Would you give the listing back word for word once its pictures are removed?

### Material provided

Segment Open

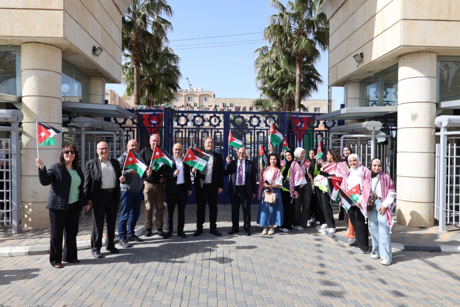 وانطلقت الفعاليات منذ ساعات صباحاليوم الخميس 16-4-2026، حيث ازدانت مداخل الجامعة وساحاتها بالأعلام الأردنية، فيما جرى توزيع الأعلام على الحضور، بالتزامن مع بث الأناشيد الوطنية التي أضفت طابعاً حماسياً عبّر عن الفخر والاعتزاز بهذه المناسبة.
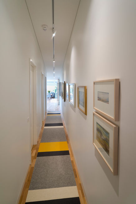 Recessed track lighting down the length of the house provides a gallery setting that shows the clients extensive art collection to best advantage. The stable conversion allows for additional accommodation across the garden courtyard from the main house.
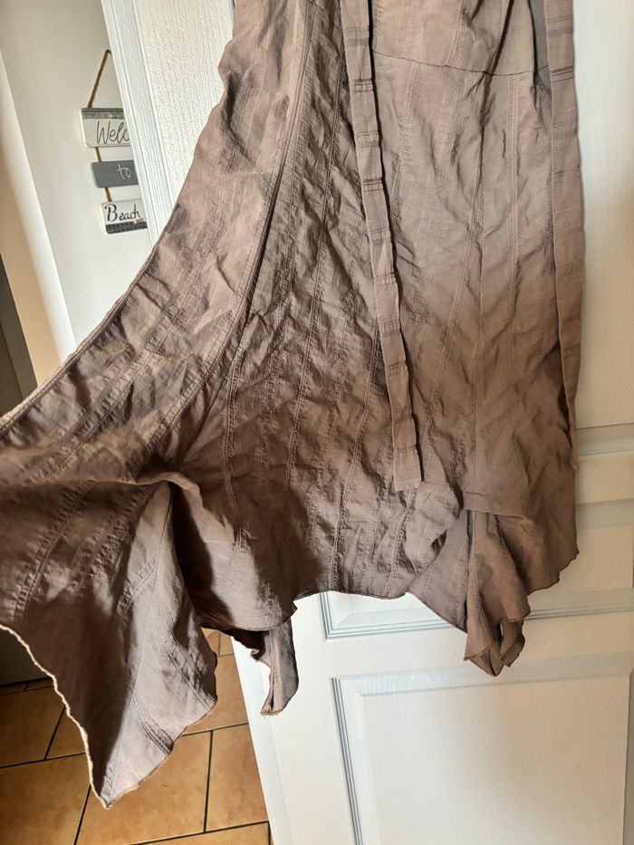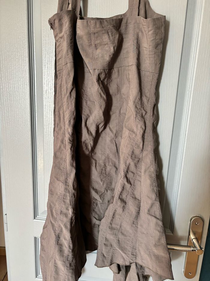 Robe environ longueur genou très bon état, fermeture sur le côté et bretelles réglables marque Formul marron taille 44

Segment Closed

### Problem solution
 وانطلقت الفعاليات منذ ساعات صباحاليوم الخميس 16-4-2026، حيث ازدانت مداخل الجامعة وساحاتها بالأعلام الأردنية، فيما جرى توزيع الأعلام على الحضور، بالتزامن مع بث الأناشيد الوطنية التي أضفت طابعاً حماسياً عبّر عن الفخر والاعتزاز بهذه المناسبة.
 Recessed track lighting down the length of the house provides a gallery setting that shows the clients extensive art collection to best advantage. The stable conversion allows for additional accommodation across the garden courtyard from the main house.
 Robe environ longueur genou très bon état, fermeture sur le côté et bretelles réglables marque Formul marron taille 44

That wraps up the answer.